▸ **The task**
In your copy of the records, include every word exactly and no pictures.

=== Begin Enclosure ===

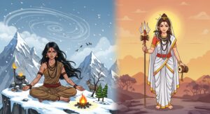 महागौरी माता की अद्भुत कथा – जानिए कैसे पार्वती ने कठोर तपस्या करके भगवान शिव को पति रूप में पाया और महागौरी बनीं। बच्चों के लिए प्रेरणादायक कहानी।
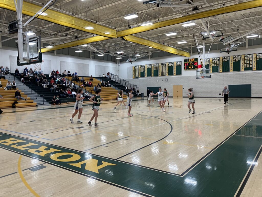 THE NRHS girls’ basketball team hosted another successful Holiday Tournament last week. The Hornets went 1-1 including a 61-24 victory over Danvers in the consolation round, improving to 3-3 on the season. North Reading defeated Lynnfield 56-37 Wednesday night after press time and travels to Newburyport on Friday at 6:30 p.m. (NRHS Athletics Photo)
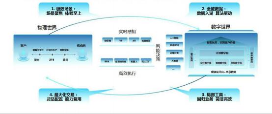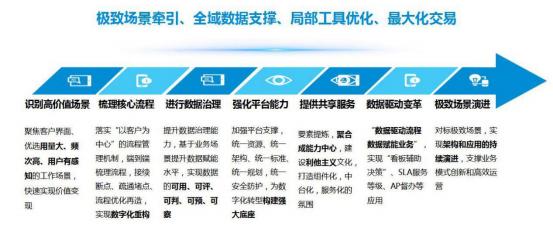 在如何開展數(shù)字化轉(zhuǎn)型方面 ,我們沉淀了數(shù)字化轉(zhuǎn)型的方法論 ,我們總結(jié)為四句話 , 極致場(chǎng)景牽引、全域數(shù)據(jù)支撐、局部工具優(yōu)化、實(shí)現(xiàn)最大化交易。這套方法論在所有業(yè)
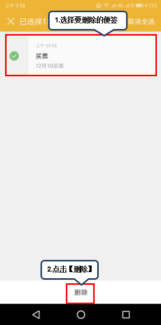 5、长按便签文件,选择已完成的便签后点击【删除】,再点击【删除】可对便签进行删除。
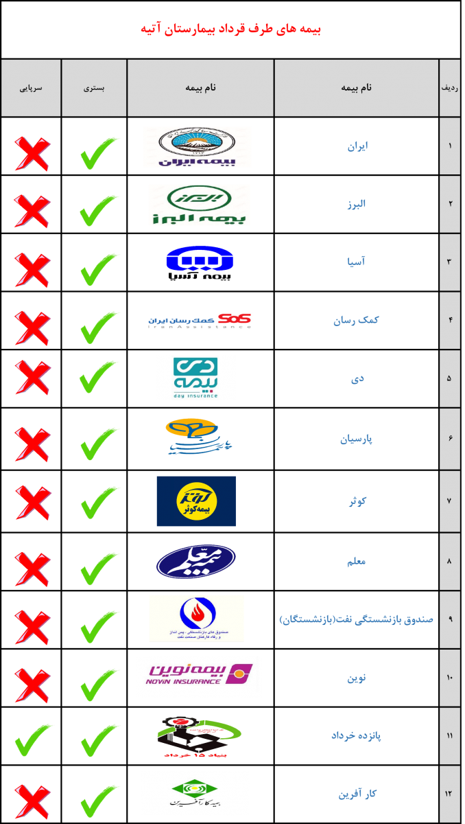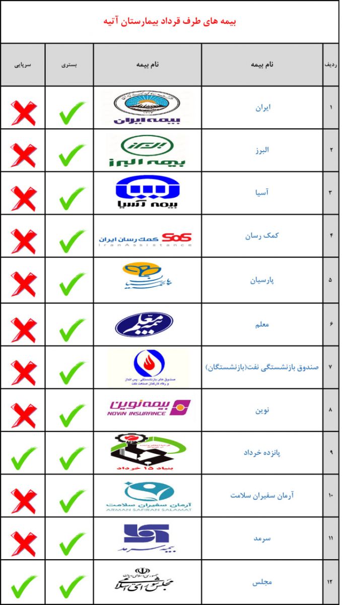 بيمارستان آتيه با بيمه هاي تأمين اجتماعي، خدمات درماني و نيروهاي مسلح طرف قرارداد نمي باشد.

=== End Enclosure ===

▸ **Solution to the exercise**
 महागौरी माता की अद्भुत कथा – जानिए कैसे पार्वती ने कठोर तपस्या करके भगवान शिव को पति रूप में पाया और महागौरी बनीं। बच्चों के लिए प्रेरणादायक कहानी।
 THE NRHS girls’ basketball team hosted another successful Holiday Tournament last week. The Hornets went 1-1 including a 61-24 victory over Danvers in the consolation round, improving to 3-3 on the season. North Reading defeated Lynnfield 56-37 Wednesday night after press time and travels to Newburyport on Friday at 6:30 p.m. (NRHS Athletics Photo)
 在如何開展數(shù)字化轉(zhuǎn)型方面 ,我們沉淀了數(shù)字化轉(zhuǎn)型的方法論 ,我們總結(jié)為四句話 , 極致場(chǎng)景牽引、全域數(shù)據(jù)支撐、局部工具優(yōu)化、實(shí)現(xiàn)最大化交易。這套方法論在所有業(yè)
 5、长按便签文件,选择已完成的便签后点击【删除】,再点击【删除】可对便签进行删除。
 بيمارستان آتيه با بيمه هاي تأمين اجتماعي، خدمات درماني و نيروهاي مسلح طرف قرارداد نمي باشد.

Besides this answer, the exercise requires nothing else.